======== GIVEN DATA ========

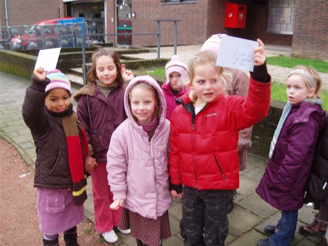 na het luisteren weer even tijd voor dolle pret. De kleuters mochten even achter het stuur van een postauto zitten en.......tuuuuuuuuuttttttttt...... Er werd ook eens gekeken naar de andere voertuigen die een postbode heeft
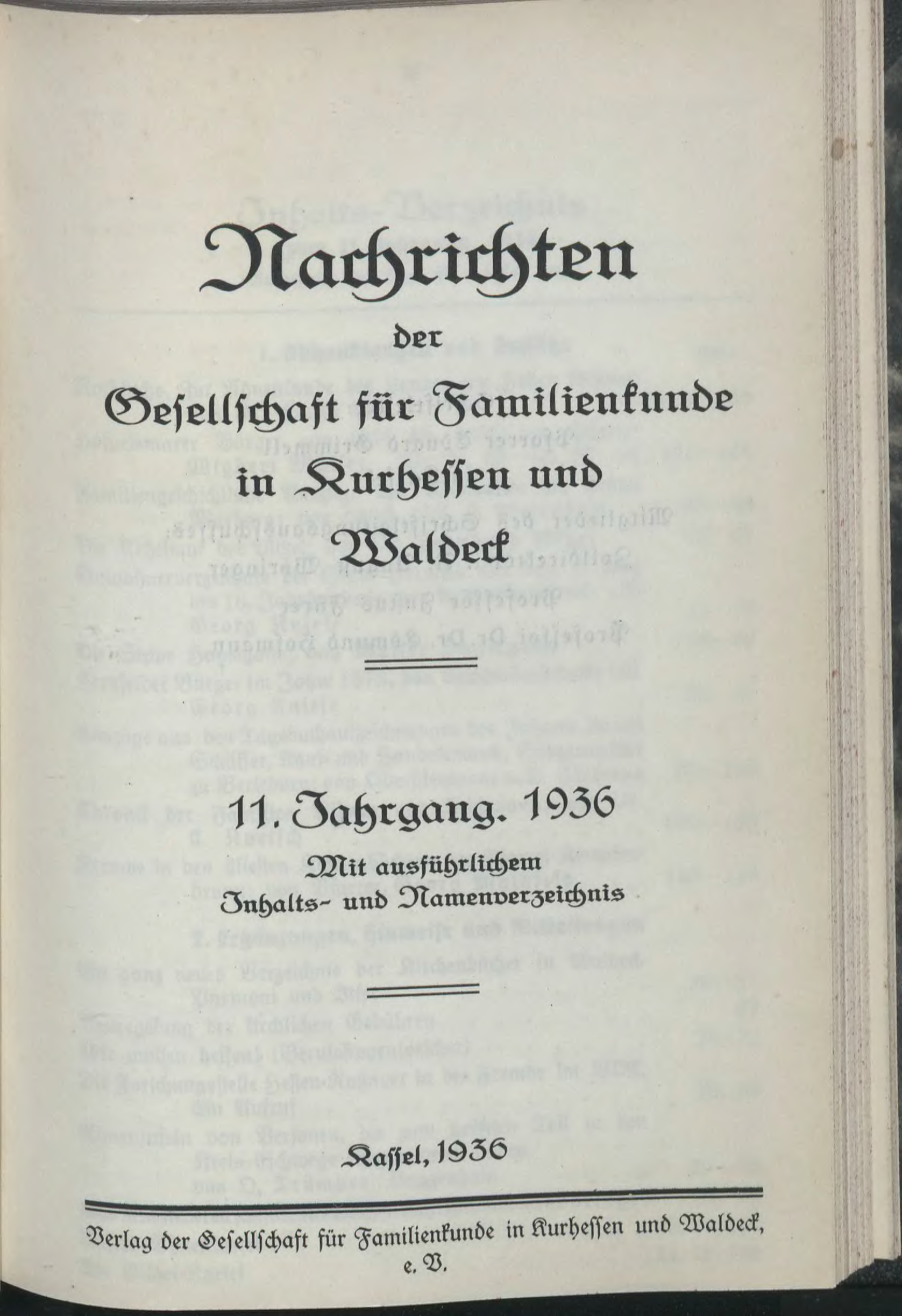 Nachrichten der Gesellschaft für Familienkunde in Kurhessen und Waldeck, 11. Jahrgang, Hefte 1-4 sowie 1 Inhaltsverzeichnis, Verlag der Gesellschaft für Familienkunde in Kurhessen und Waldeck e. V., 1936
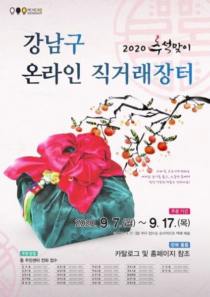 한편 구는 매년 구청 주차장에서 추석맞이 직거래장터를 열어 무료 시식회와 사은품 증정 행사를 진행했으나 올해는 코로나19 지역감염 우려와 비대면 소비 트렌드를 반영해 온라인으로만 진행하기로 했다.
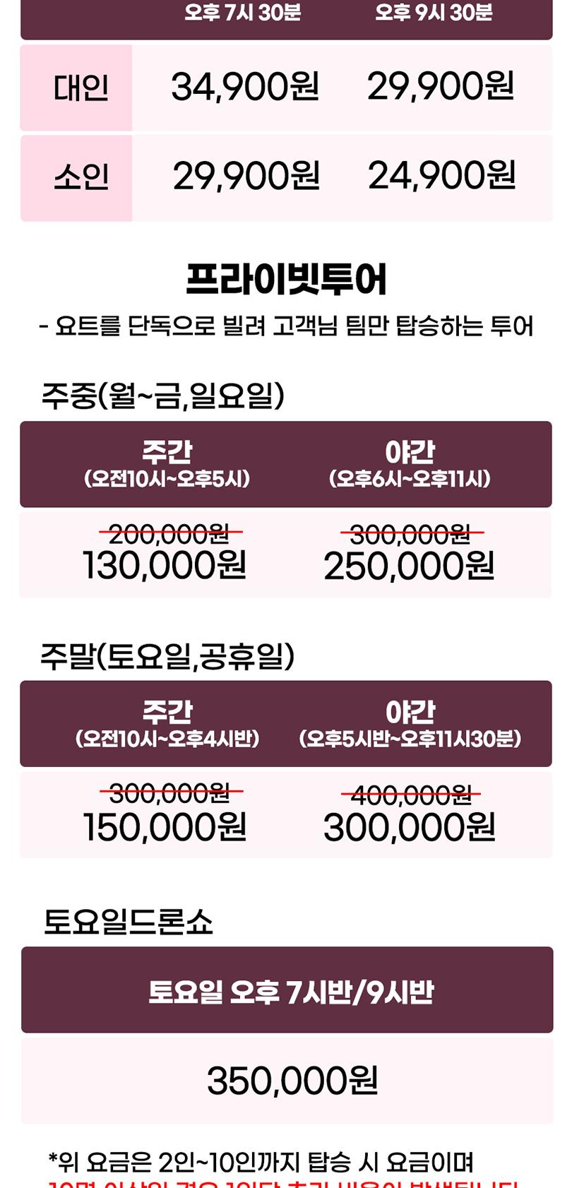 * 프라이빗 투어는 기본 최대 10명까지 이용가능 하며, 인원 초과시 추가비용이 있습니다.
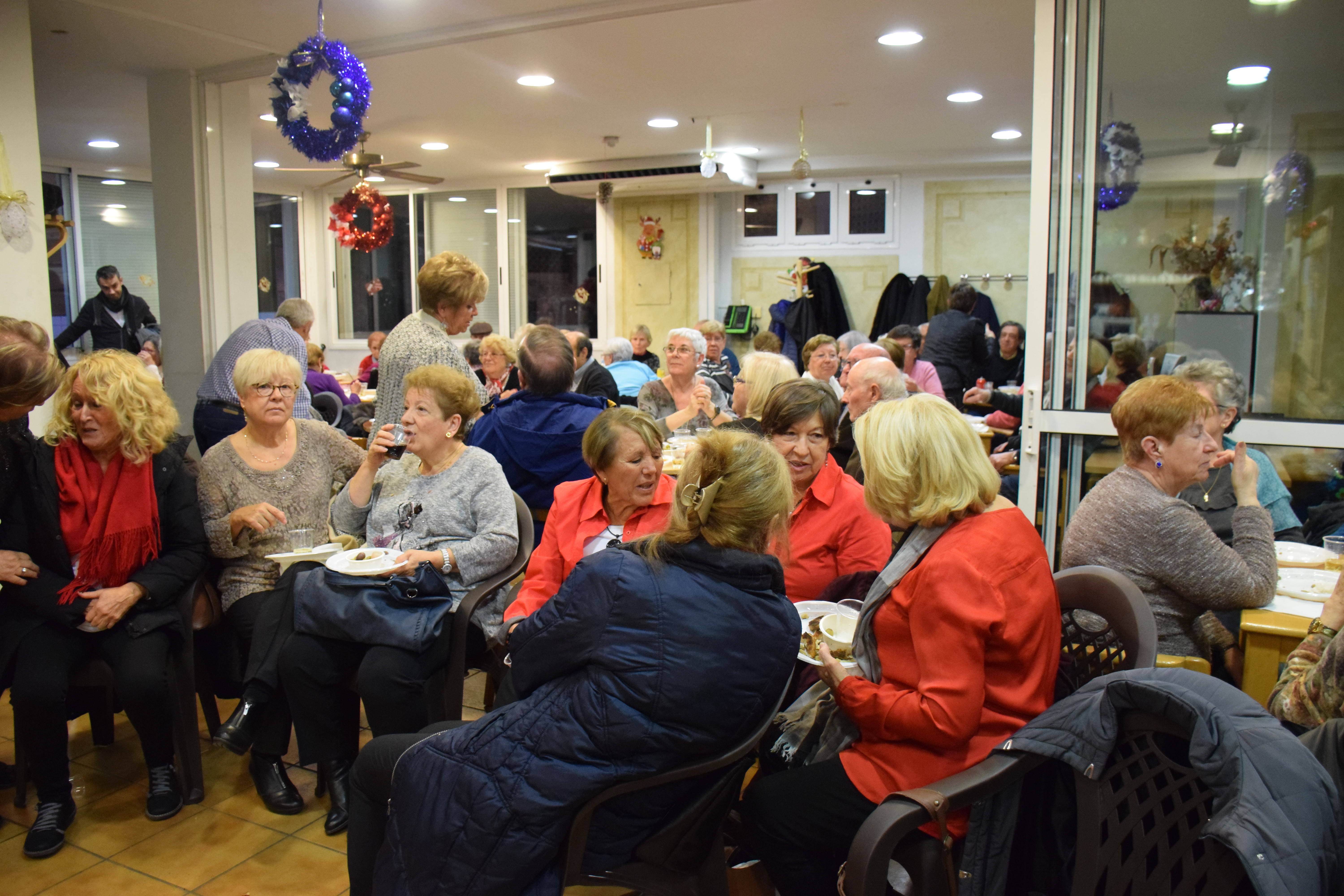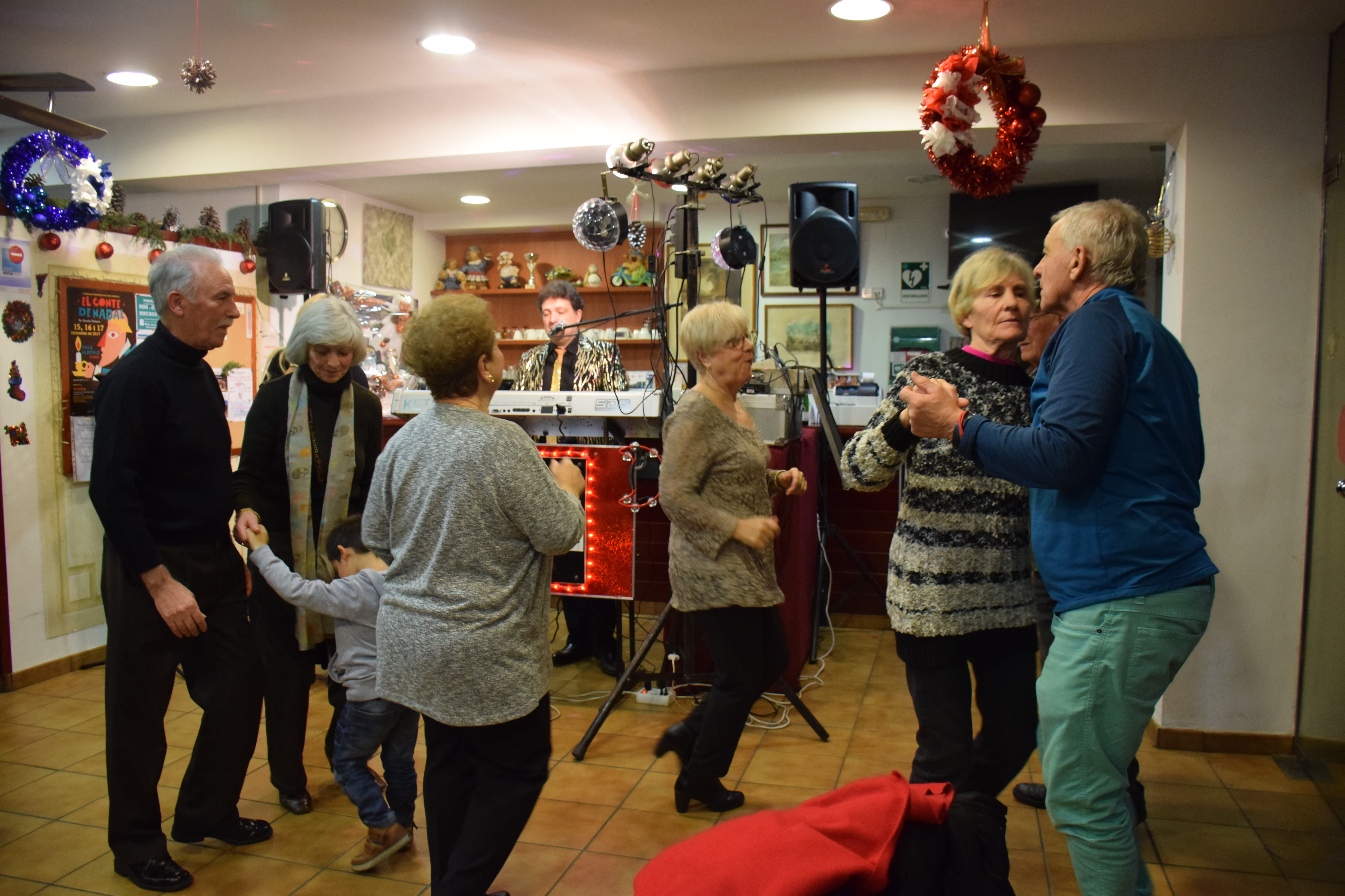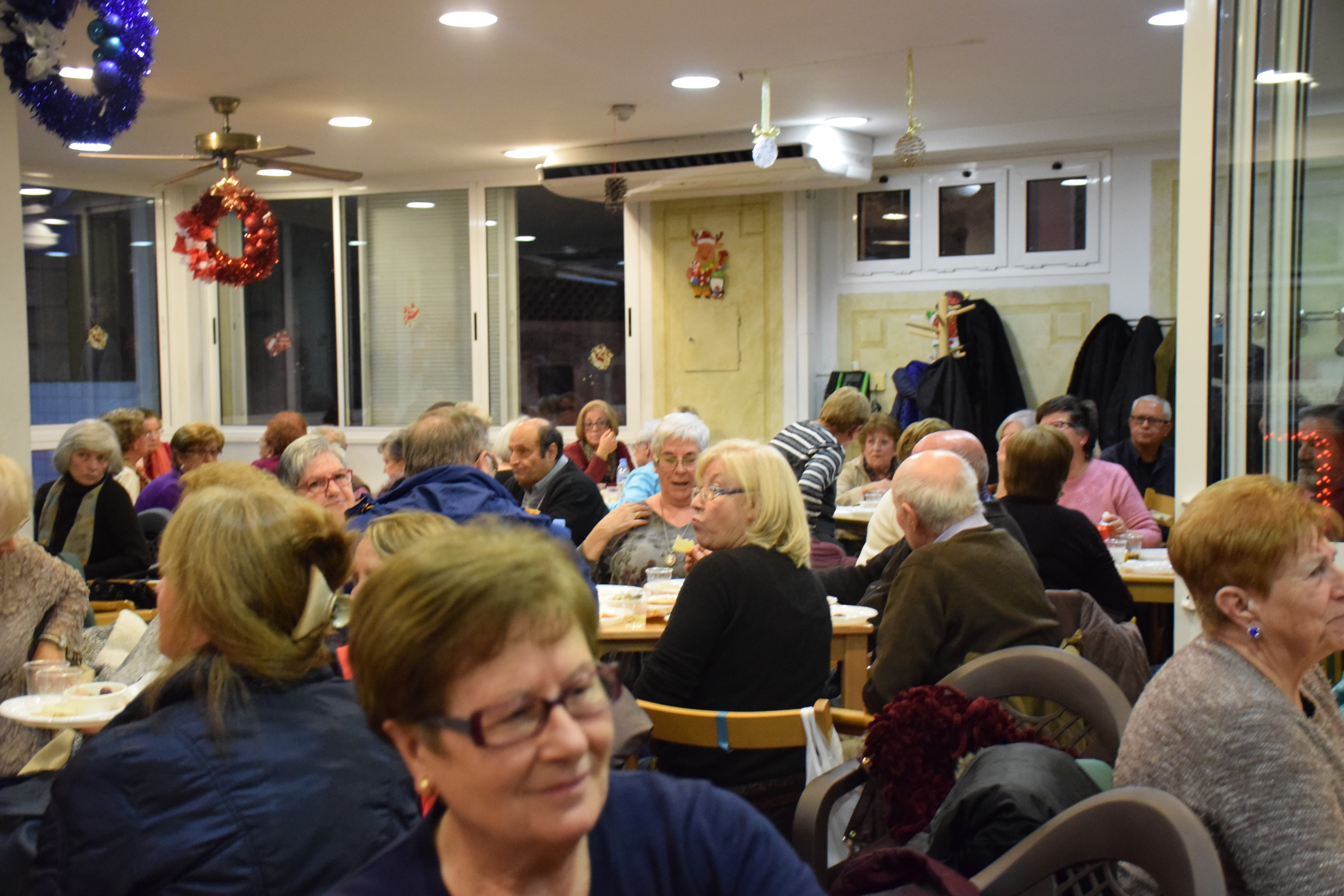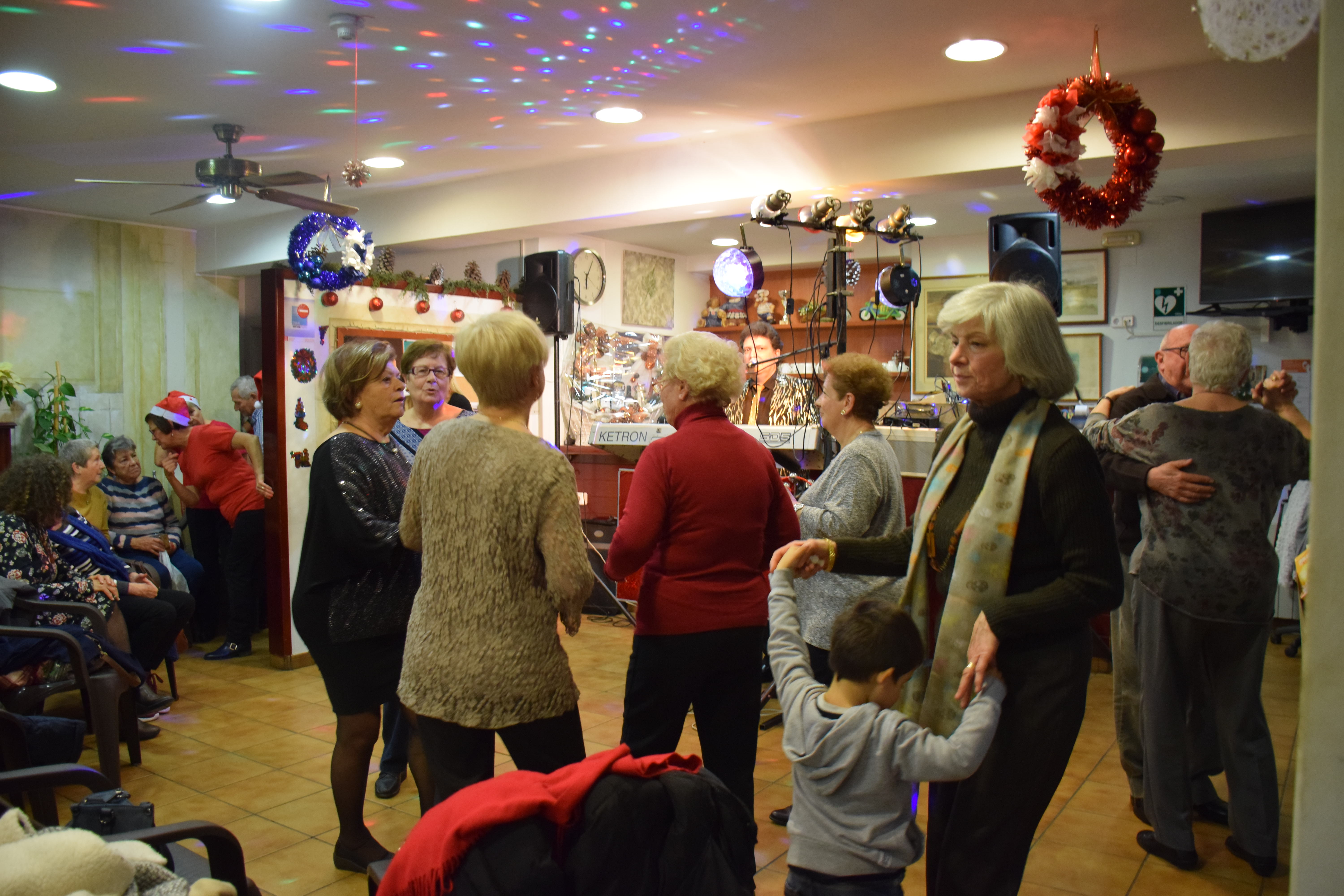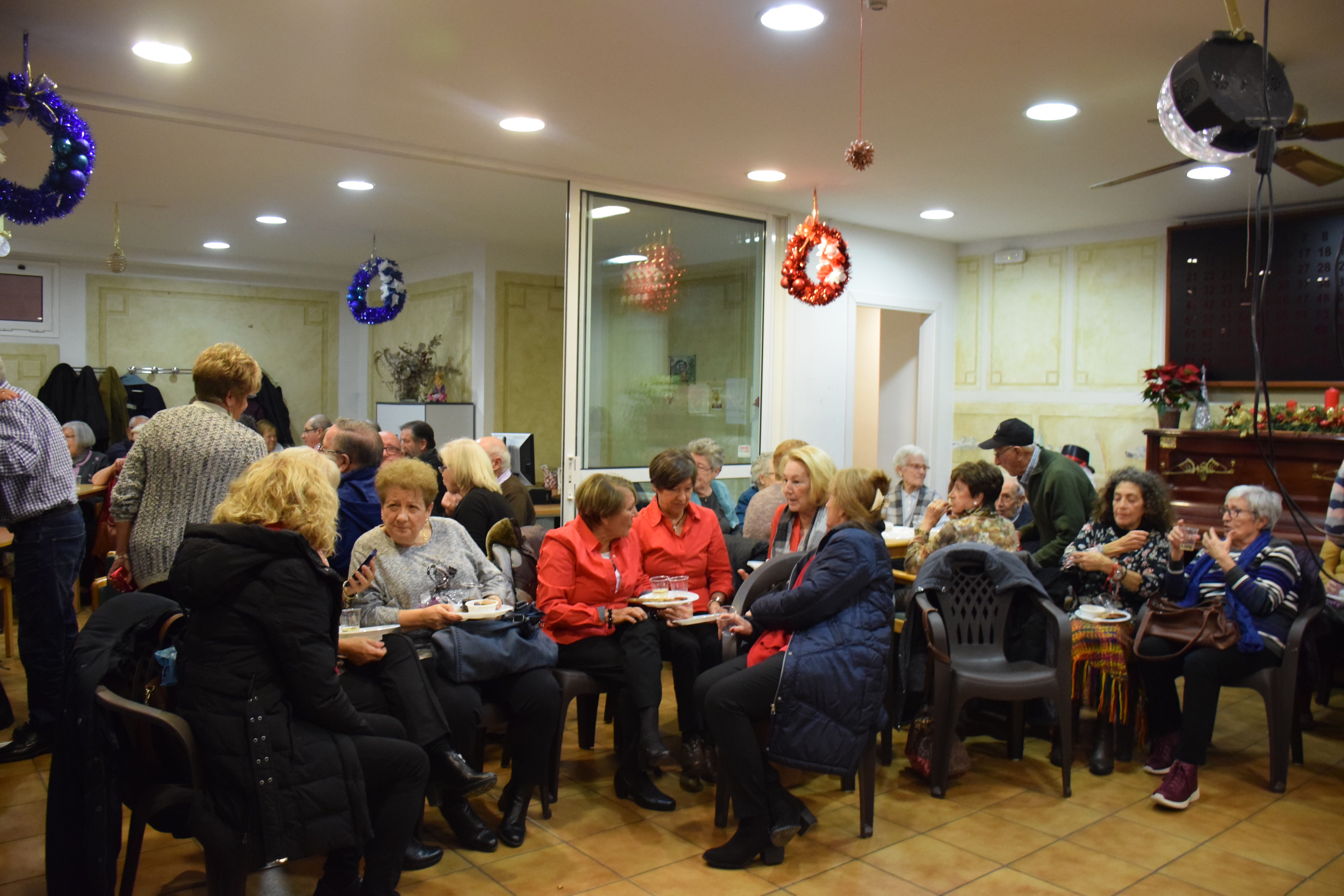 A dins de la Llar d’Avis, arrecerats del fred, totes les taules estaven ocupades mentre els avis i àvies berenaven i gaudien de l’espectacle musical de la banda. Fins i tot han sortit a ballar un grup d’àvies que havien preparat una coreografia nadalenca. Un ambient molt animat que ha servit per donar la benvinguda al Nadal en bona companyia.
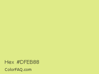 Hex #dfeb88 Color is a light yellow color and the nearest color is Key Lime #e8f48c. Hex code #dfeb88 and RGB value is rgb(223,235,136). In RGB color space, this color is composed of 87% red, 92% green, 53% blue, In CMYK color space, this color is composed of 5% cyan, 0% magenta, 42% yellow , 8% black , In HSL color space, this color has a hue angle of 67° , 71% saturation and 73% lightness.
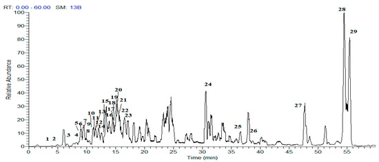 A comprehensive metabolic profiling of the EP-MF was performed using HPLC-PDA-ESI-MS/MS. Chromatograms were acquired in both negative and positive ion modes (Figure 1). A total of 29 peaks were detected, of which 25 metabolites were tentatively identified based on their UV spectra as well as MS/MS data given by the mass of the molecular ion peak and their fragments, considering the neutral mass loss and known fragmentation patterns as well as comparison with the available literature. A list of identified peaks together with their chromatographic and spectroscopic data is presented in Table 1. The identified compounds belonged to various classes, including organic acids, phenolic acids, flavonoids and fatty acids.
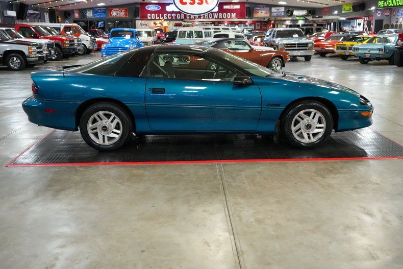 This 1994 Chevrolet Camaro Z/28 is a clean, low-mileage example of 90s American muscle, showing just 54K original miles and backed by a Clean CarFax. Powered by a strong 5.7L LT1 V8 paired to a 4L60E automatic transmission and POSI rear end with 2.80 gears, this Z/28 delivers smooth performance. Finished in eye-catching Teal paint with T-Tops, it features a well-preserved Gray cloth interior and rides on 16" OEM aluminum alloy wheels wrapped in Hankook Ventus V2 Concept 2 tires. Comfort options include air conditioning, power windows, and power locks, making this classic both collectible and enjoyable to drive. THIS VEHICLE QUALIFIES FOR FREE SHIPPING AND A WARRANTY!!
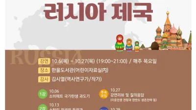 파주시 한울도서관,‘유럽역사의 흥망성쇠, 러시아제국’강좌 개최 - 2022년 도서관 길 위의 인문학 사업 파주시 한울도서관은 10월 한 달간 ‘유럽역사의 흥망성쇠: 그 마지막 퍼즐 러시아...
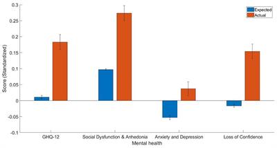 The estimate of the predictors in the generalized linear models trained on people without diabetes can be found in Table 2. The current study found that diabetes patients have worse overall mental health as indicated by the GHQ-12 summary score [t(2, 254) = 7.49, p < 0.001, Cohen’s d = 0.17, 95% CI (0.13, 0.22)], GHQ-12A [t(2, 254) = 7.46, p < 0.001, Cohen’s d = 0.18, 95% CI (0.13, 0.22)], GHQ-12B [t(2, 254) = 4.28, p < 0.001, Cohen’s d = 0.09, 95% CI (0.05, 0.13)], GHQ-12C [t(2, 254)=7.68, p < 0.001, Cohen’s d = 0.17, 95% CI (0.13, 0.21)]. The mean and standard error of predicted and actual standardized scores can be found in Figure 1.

========

WHAT YOU HAVE TO DO:
Write out exactly and only the lines that run from the start of the data above through the line containing "A dins de la", leaving the pictures out.

EXPECTED OUTPUT:
 na het luisteren weer even tijd voor dolle pret. De kleuters mochten even achter het stuur van een postauto zitten en.......tuuuuuuuuuttttttttt...... Er werd ook eens gekeken naar de andere voertuigen die een postbode heeft
 Nachrichten der Gesellschaft für Familienkunde in Kurhessen und Waldeck, 11. Jahrgang, Hefte 1-4 sowie 1 Inhaltsverzeichnis, Verlag der Gesellschaft für Familienkunde in Kurhessen und Waldeck e. V., 1936
 한편 구는 매년 구청 주차장에서 추석맞이 직거래장터를 열어 무료 시식회와 사은품 증정 행사를 진행했으나 올해는 코로나19 지역감염 우려와 비대면 소비 트렌드를 반영해 온라인으로만 진행하기로 했다.
 * 프라이빗 투어는 기본 최대 10명까지 이용가능 하며, 인원 초과시 추가비용이 있습니다.
 A dins de la Llar d’Avis, arrecerats del fred, totes les taules estaven ocupades mentre els avis i àvies berenaven i gaudien de l’espectacle musical de la banda. Fins i tot han sortit a ballar un grup d’àvies que havien preparat una coreografia nadalenca. Un ambient molt animat que ha servit per donar la benvinguda al Nadal en bona companyia.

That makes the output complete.